▸ **What is needed**:
Return the whole listing unchanged. Drop the images.

══ Data segment ══

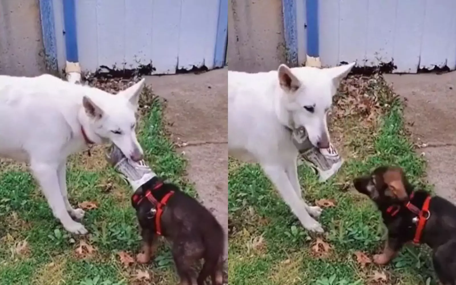 «Горе ты луковое»: пес помог щенку освободиться из «бутылочной ловушки»
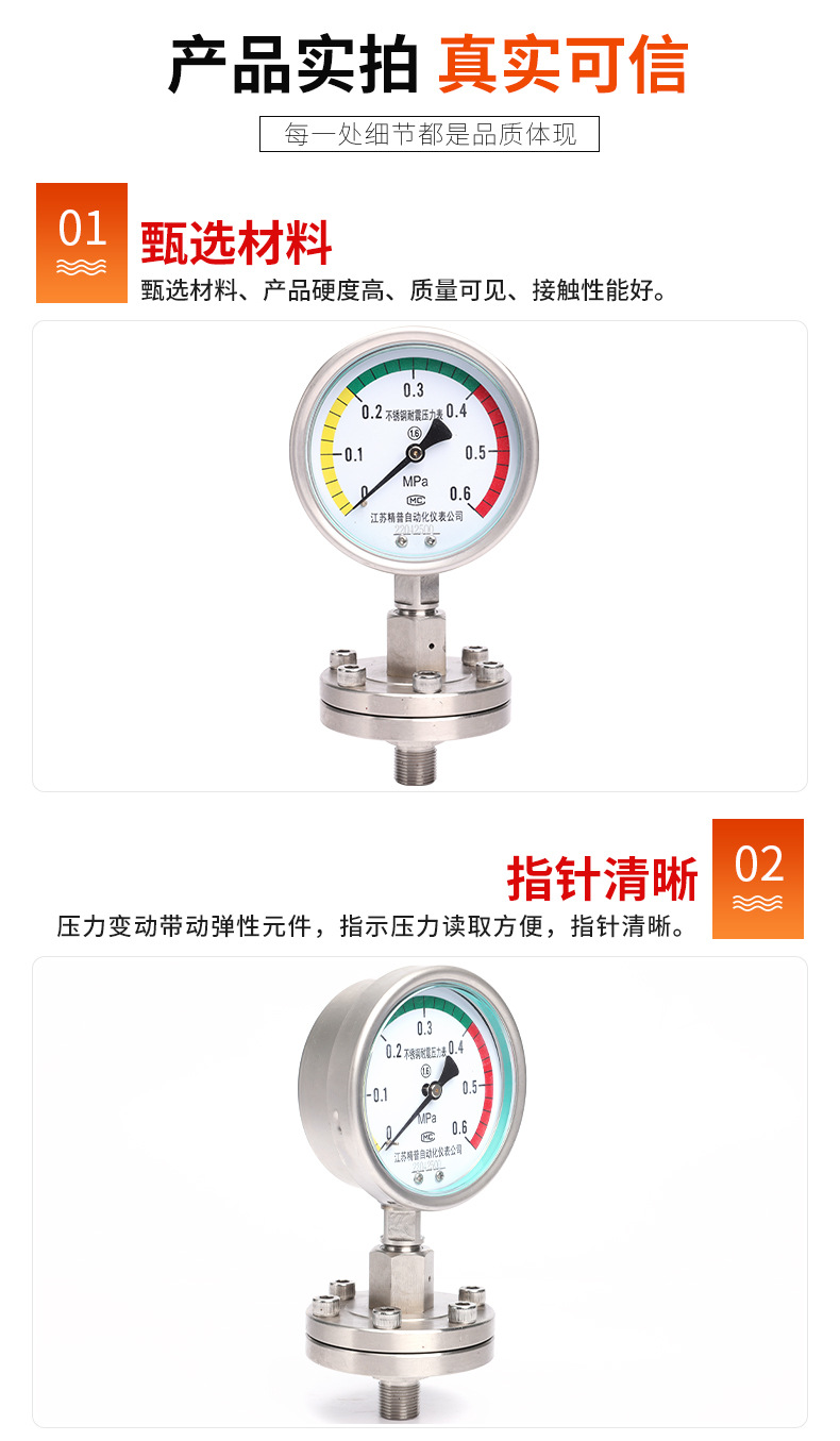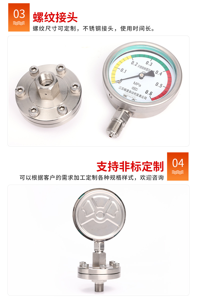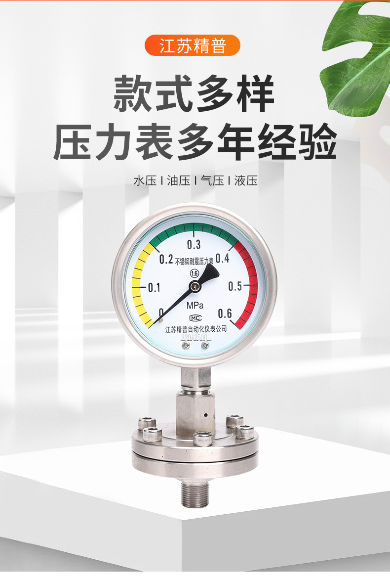 厂家直供YTP100BFML压力表1.6MPA不锈钢螺纹连接隔膜空气耐高温
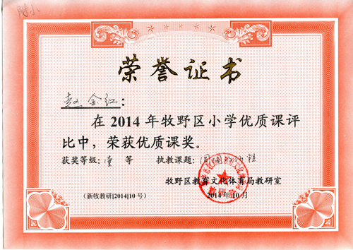 在牧野区2014年小学优质课评比活动中,我校赵金红老师执教的语文课《圆圆的沙粒》获得一等奖,并将代表牧野区参加市优质课比赛;李静静老师执教的数学课《观察物体》获得二等奖。

═══

▸ **Solution for this problem**:
 «Горе ты луковое»: пес помог щенку освободиться из «бутылочной ловушки»
 厂家直供YTP100BFML压力表1.6MPA不锈钢螺纹连接隔膜空气耐高温
 在牧野区2014年小学优质课评比活动中,我校赵金红老师执教的语文课《圆圆的沙粒》获得一等奖,并将代表牧野区参加市优质课比赛;李静静老师执教的数学课《观察物体》获得二等奖。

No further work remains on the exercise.